For Davis, who now lives in Mauston with his wife, that particular avenue led him to becoming a volunteer assistant with the New Lisbon wrestling program starting with the 2018-19 season. Davis praised Brian and Hollie Slater’s commitment to their community — including their work with Mill Haven Foods, their dairy marketing and manufacturing company — and felt like it was a perfect fit for him.
As for the Rockets, it goes without saying that having a wrestling icon like Davis in the fold is a massive boon for the small-town program. The New Lisbon cross country program even got help from Barry’s wife, Nan Doak-Davis, who was a six-time All-American in track and field and cross country at Iowa and later a national champion in the marathon.
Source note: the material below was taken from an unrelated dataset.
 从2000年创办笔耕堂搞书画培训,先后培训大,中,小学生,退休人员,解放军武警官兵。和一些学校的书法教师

“You don’t get this anywhere else. You don’t get an athlete, a coach like Barry Davis — you have a two-time world and Olympic silver medalist, you have the winningest wrestler in Iowa Hawkeye history — at this level, at this small of a school,” Slater said. “Honestly, I don’t think people take a big enough advantage of it. Even his wife, she helps out with cross country. Two years ago, she was fifth in the world in running. You just don’t have that in a small community.”
Davis’s desire to help others expands beyond just the New Lisbon wrestling room. If he sees something at a meet with a wrestler on a different team that he thinks he could help with, he’ll occasionally approach that kid’s coach and see if it’s alright if he offers some pointers.
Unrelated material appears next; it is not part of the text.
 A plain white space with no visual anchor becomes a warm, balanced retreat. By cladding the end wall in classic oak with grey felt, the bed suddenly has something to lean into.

That approach to coaching ultimately gets to heart of his philosophy in regards to wrestling. Sure, the competition of it all is obviously a major component of everything. But when all is said and done, Davis wants to make as many people better as he possibly can.
“Why would you help someone else on the other team? Because the kid’s working hard and he’s trying to get better,” Davis said. “It is about competition, but at the same time it’s about making people better and giving them an opportunity to be successful. It can help them open doors to change their life like people gave me opportunities to change my life.”